**Exercise goal**
Before printing the listing, strip out its pictures and keep everything else exact.

Exercise inputs START

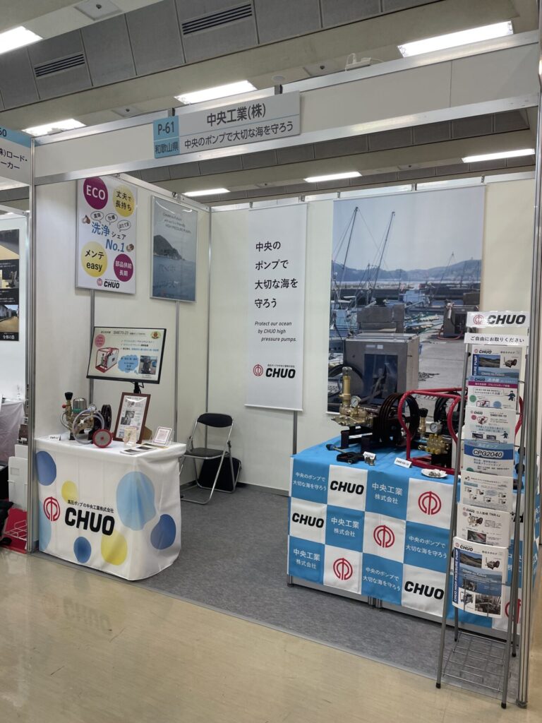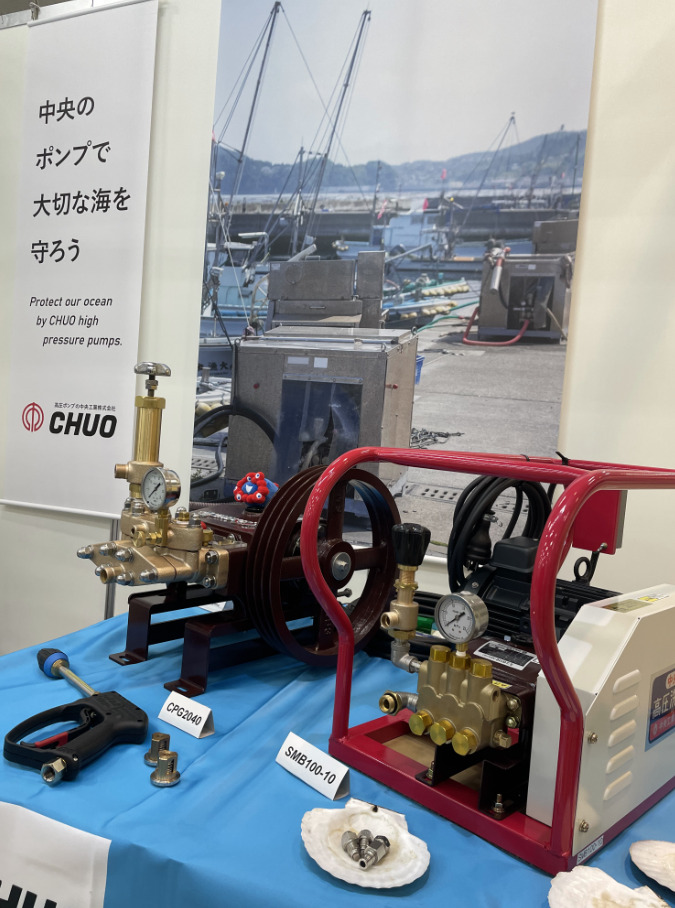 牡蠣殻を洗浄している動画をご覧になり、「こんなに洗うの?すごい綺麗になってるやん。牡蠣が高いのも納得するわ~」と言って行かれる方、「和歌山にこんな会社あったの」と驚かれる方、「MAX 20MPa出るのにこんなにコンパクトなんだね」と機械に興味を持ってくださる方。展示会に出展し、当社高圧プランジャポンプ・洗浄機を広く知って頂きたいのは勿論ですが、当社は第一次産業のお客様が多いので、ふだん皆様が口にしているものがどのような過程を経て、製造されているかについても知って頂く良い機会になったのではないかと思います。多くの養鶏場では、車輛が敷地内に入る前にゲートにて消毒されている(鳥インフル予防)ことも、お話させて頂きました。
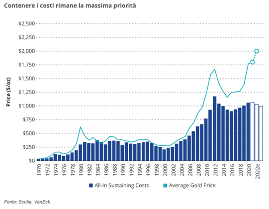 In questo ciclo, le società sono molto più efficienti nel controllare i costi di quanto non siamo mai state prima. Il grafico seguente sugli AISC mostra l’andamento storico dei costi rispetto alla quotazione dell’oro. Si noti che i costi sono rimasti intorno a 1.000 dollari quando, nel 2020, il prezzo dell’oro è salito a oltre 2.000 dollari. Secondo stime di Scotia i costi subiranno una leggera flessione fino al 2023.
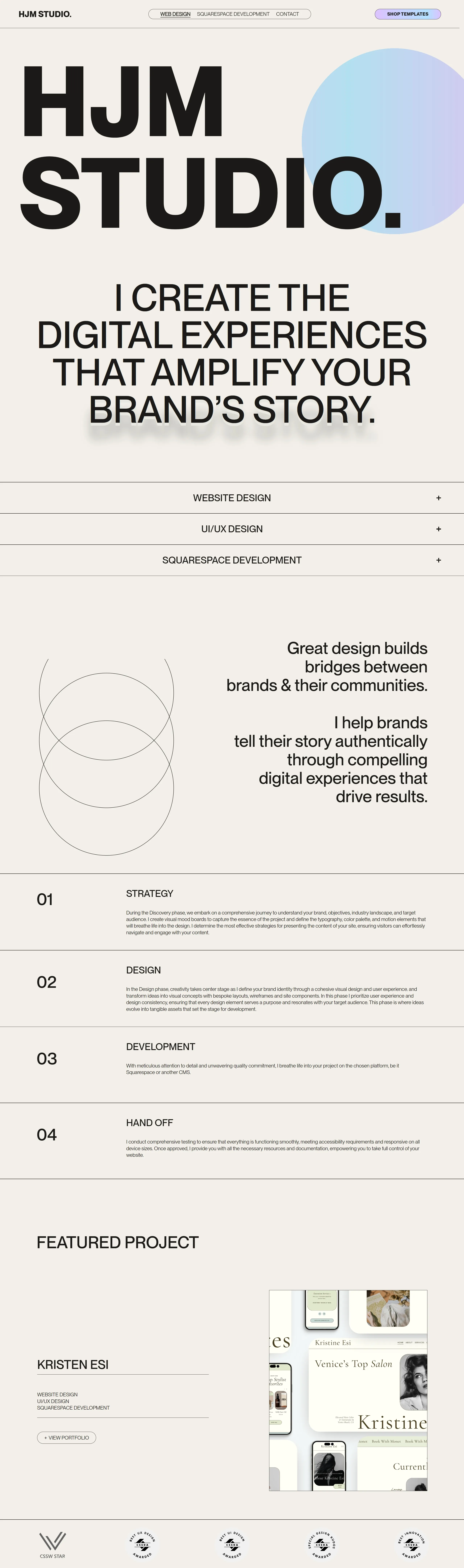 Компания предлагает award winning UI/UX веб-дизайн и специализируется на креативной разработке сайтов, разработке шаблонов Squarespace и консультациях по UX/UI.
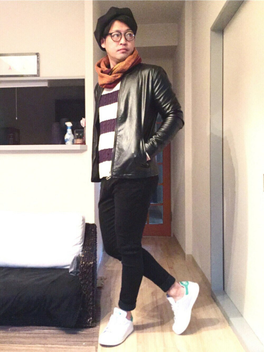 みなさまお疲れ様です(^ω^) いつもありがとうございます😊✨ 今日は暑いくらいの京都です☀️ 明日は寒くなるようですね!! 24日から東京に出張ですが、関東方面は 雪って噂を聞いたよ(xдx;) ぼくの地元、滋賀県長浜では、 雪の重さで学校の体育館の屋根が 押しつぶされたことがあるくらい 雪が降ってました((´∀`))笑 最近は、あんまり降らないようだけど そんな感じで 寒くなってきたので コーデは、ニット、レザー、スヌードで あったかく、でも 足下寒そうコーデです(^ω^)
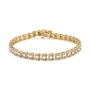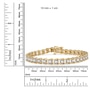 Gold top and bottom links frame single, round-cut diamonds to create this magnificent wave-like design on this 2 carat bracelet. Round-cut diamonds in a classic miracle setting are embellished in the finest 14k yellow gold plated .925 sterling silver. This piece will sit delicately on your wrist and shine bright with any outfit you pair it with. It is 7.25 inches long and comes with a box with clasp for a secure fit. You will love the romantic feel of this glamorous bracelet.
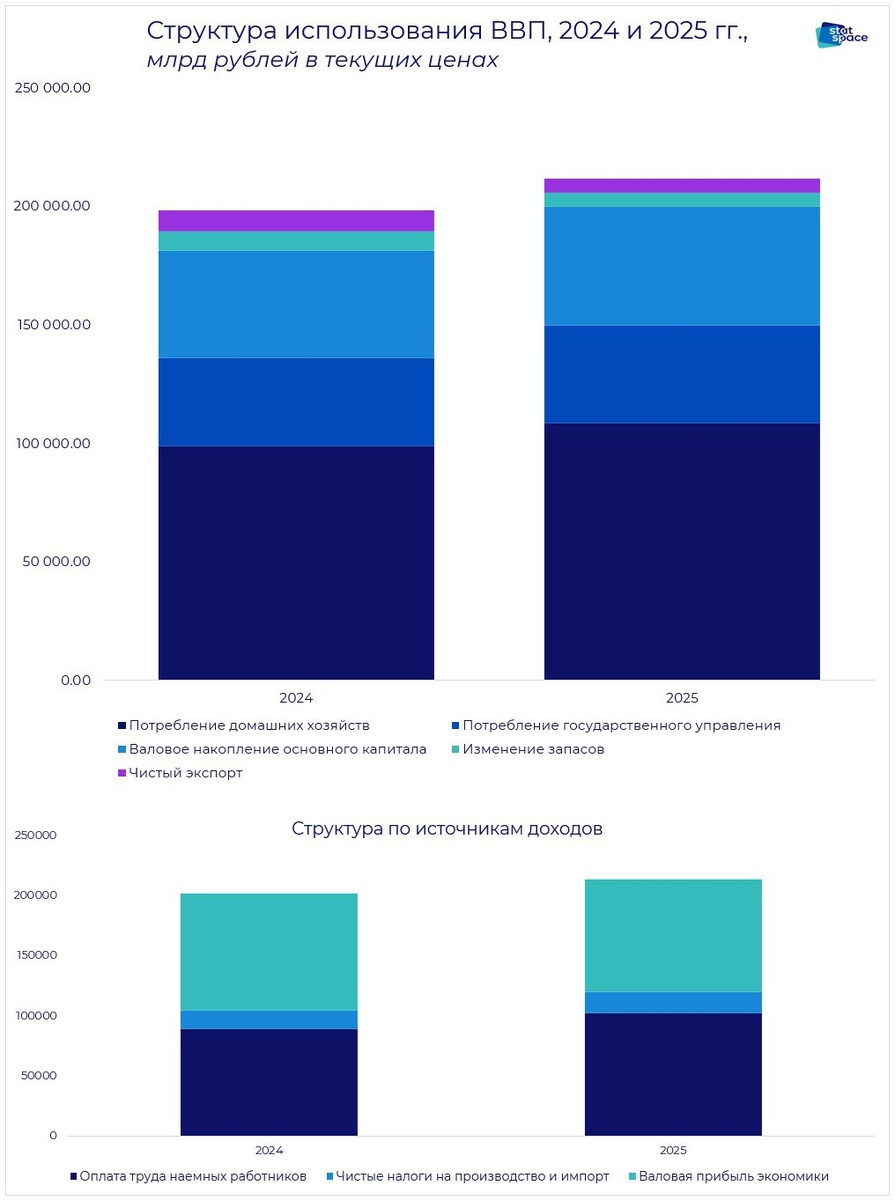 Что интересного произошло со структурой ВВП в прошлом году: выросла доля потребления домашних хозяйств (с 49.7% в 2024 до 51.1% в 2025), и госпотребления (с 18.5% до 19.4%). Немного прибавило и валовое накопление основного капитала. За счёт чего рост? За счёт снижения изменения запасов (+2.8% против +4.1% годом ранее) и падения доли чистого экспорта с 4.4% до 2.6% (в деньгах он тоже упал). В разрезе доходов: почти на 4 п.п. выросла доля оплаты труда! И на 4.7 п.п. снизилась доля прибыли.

Exercise inputs END

**Answer to this task**
 牡蠣殻を洗浄している動画をご覧になり、「こんなに洗うの?すごい綺麗になってるやん。牡蠣が高いのも納得するわ~」と言って行かれる方、「和歌山にこんな会社あったの」と驚かれる方、「MAX 20MPa出るのにこんなにコンパクトなんだね」と機械に興味を持ってくださる方。展示会に出展し、当社高圧プランジャポンプ・洗浄機を広く知って頂きたいのは勿論ですが、当社は第一次産業のお客様が多いので、ふだん皆様が口にしているものがどのような過程を経て、製造されているかについても知って頂く良い機会になったのではないかと思います。多くの養鶏場では、車輛が敷地内に入る前にゲートにて消毒されている(鳥インフル予防)ことも、お話させて頂きました。
 In questo ciclo, le società sono molto più efficienti nel controllare i costi di quanto non siamo mai state prima. Il grafico seguente sugli AISC mostra l’andamento storico dei costi rispetto alla quotazione dell’oro. Si noti che i costi sono rimasti intorno a 1.000 dollari quando, nel 2020, il prezzo dell’oro è salito a oltre 2.000 dollari. Secondo stime di Scotia i costi subiranno una leggera flessione fino al 2023.
 Компания предлагает award winning UI/UX веб-дизайн и специализируется на креативной разработке сайтов, разработке шаблонов Squarespace и консультациях по UX/UI.
 みなさまお疲れ様です(^ω^) いつもありがとうございます😊✨ 今日は暑いくらいの京都です☀️ 明日は寒くなるようですね!! 24日から東京に出張ですが、関東方面は 雪って噂を聞いたよ(xдx;) ぼくの地元、滋賀県長浜では、 雪の重さで学校の体育館の屋根が 押しつぶされたことがあるくらい 雪が降ってました((´∀`))笑 最近は、あんまり降らないようだけど そんな感じで 寒くなってきたので コーデは、ニット、レザー、スヌードで あったかく、でも 足下寒そうコーデです(^ω^)
 Gold top and bottom links frame single, round-cut diamonds to create this magnificent wave-like design on this 2 carat bracelet. Round-cut diamonds in a classic miracle setting are embellished in the finest 14k yellow gold plated .925 sterling silver. This piece will sit delicately on your wrist and shine bright with any outfit you pair it with. It is 7.25 inches long and comes with a box with clasp for a secure fit. You will love the romantic feel of this glamorous bracelet.
 Что интересного произошло со структурой ВВП в прошлом году: выросла доля потребления домашних хозяйств (с 49.7% в 2024 до 51.1% в 2025), и госпотребления (с 18.5% до 19.4%). Немного прибавило и валовое накопление основного капитала. За счёт чего рост? За счёт снижения изменения запасов (+2.8% против +4.1% годом ранее) и падения доли чистого экспорта с 4.4% до 2.6% (в деньгах он тоже упал). В разрезе доходов: почти на 4 п.п. выросла доля оплаты труда! И на 4.7 п.п. снизилась доля прибыли.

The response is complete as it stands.